> **Task details**
Retype the entries below exactly, dropping the images.

Records from a data source:
^^^^^^^^
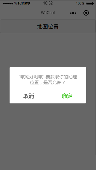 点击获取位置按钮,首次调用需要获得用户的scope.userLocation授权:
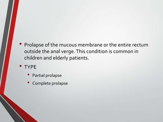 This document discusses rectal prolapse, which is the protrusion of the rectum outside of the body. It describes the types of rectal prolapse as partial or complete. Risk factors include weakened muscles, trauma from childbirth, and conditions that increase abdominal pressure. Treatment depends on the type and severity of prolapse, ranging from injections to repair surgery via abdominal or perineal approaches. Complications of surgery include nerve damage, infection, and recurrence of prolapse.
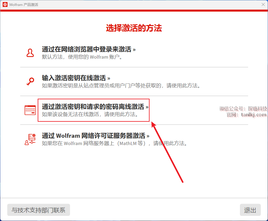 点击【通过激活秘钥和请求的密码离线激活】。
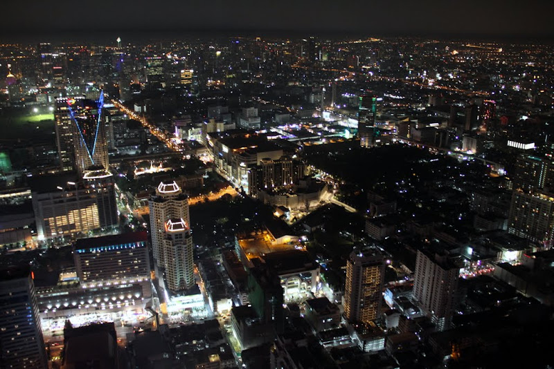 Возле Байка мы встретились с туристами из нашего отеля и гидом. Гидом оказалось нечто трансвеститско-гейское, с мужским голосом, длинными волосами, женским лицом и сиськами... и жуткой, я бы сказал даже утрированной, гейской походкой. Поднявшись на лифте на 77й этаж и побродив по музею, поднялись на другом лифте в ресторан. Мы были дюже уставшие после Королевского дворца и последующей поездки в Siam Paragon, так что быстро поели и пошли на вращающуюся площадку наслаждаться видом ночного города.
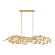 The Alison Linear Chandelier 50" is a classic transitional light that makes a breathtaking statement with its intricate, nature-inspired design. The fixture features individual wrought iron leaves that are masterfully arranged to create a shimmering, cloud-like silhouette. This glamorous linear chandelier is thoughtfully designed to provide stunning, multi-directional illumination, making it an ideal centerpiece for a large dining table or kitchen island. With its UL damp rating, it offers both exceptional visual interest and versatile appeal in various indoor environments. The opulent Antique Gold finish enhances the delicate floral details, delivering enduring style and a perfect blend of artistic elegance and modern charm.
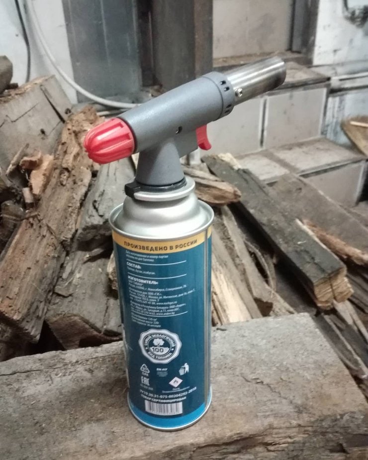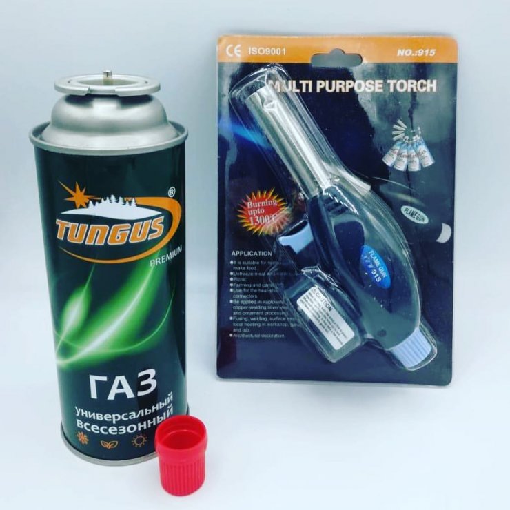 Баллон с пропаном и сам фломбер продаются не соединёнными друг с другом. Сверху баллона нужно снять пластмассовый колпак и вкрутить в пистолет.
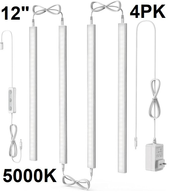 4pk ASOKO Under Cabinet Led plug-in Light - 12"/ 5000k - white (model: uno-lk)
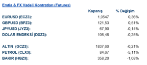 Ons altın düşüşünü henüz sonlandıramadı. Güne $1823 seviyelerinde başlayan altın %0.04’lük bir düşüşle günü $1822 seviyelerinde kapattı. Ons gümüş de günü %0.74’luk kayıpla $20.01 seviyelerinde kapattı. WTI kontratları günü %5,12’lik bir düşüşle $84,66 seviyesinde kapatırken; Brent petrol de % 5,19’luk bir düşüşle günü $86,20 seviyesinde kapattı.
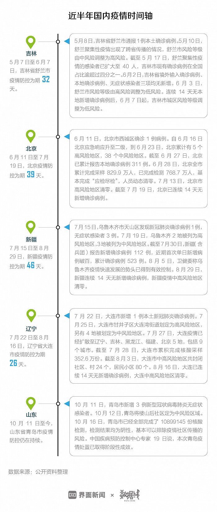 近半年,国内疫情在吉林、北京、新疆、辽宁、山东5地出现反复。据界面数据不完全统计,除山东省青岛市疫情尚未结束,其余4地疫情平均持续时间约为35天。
^^^^^^^^
> **Result of this exercise**
 点击获取位置按钮,首次调用需要获得用户的scope.userLocation授权:
 This document discusses rectal prolapse, which is the protrusion of the rectum outside of the body. It describes the types of rectal prolapse as partial or complete. Risk factors include weakened muscles, trauma from childbirth, and conditions that increase abdominal pressure. Treatment depends on the type and severity of prolapse, ranging from injections to repair surgery via abdominal or perineal approaches. Complications of surgery include nerve damage, infection, and recurrence of prolapse.
 点击【通过激活秘钥和请求的密码离线激活】。
 Возле Байка мы встретились с туристами из нашего отеля и гидом. Гидом оказалось нечто трансвеститско-гейское, с мужским голосом, длинными волосами, женским лицом и сиськами... и жуткой, я бы сказал даже утрированной, гейской походкой. Поднявшись на лифте на 77й этаж и побродив по музею, поднялись на другом лифте в ресторан. Мы были дюже уставшие после Королевского дворца и последующей поездки в Siam Paragon, так что быстро поели и пошли на вращающуюся площадку наслаждаться видом ночного города.
 The Alison Linear Chandelier 50" is a classic transitional light that makes a breathtaking statement with its intricate, nature-inspired design. The fixture features individual wrought iron leaves that are masterfully arranged to create a shimmering, cloud-like silhouette. This glamorous linear chandelier is thoughtfully designed to provide stunning, multi-directional illumination, making it an ideal centerpiece for a large dining table or kitchen island. With its UL damp rating, it offers both exceptional visual interest and versatile appeal in various indoor environments. The opulent Antique Gold finish enhances the delicate floral details, delivering enduring style and a perfect blend of artistic elegance and modern charm.
 Баллон с пропаном и сам фломбер продаются не соединёнными друг с другом. Сверху баллона нужно снять пластмассовый колпак и вкрутить в пистолет.
 4pk ASOKO Under Cabinet Led plug-in Light - 12"/ 5000k - white (model: uno-lk)
 Ons altın düşüşünü henüz sonlandıramadı. Güne $1823 seviyelerinde başlayan altın %0.04’lük bir düşüşle günü $1822 seviyelerinde kapattı. Ons gümüş de günü %0.74’luk kayıpla $20.01 seviyelerinde kapattı. WTI kontratları günü %5,12’lik bir düşüşle $84,66 seviyesinde kapatırken; Brent petrol de % 5,19’luk bir düşüşle günü $86,20 seviyesinde kapattı.
 近半年,国内疫情在吉林、北京、新疆、辽宁、山东5地出现反复。据界面数据不完全统计,除山东省青岛市疫情尚未结束,其余4地疫情平均持续时间约为35天。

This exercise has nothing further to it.